If you’ve suddenly lost that lovin’ feeling, it may be time to look at what’s happening in your relationship. “The most common cause of desire problems for women has to do with partner issues—and a lot of women don’t realize that’s what’s going on,” says Holly Thacker, M.D., director of the Center for Specialized Women’s Health at the Cleveland Clinic, and author of The Cleveland Clinic Guide to Menopause. “Obviously, you have to have a partner you’re attracted to, and if there are marital or emotional issues in the relationship, that can be a problem when it comes to desire.” After all, Dr. Thacker points out, “the brain is the most important sex organ.”
If the romantic flame still burns bright in your relationship but you just don’t feel any spark, there’s probably something going on physically or emotionally that has nothing to do with your partner. Identifying what’s going on is the first step to reclaiming your sex life.

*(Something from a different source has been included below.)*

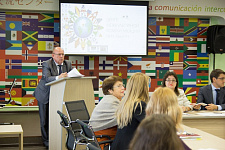 Владислав Кучмистый и директор Института межкультурной коммуникации и международных отношений Ольга Прохорова выступили с приветственным словом, отметив возрастающую роль специалистов в области межкультурной коммуникации и сложность переводческой профессии. Заведующий кафедрой английской филологии и межкультурной коммуникации Владимир Пугач рассказал о требованиях к переводчику, профессиональной этике, перспективах развития профессии в условиях глобальной компьютеризации. Владимир Сергеевич также отметил сложность устного последовательного и синхронного перевода, психологические и организационные трудности, с которыми сталкивается специалист.

Hormonal imbalances—ranging from elevated prolactin levels (the hormone that stimulates breast milk production) to menopausal shifts in estrogen and testosterone levels—can thwart your libido. “Anything that causes a decline in testosterone can create a drop in sexual desire or response for women,” says Barbara Bartlik, M.D., a psychiatrist and sex therapist with Weill Medical College of Cornell University in New York City. Hypothyroidism, a disorder in which the thyroid gland produces too little thyroid hormone, can cause a woman to experience low libido, and feel run down, depressed and sluggish. Meanwhile, diabetes and hypertension can impair blood flow and nerve function throughout the body, including the genital area, which can diminish sexual desire.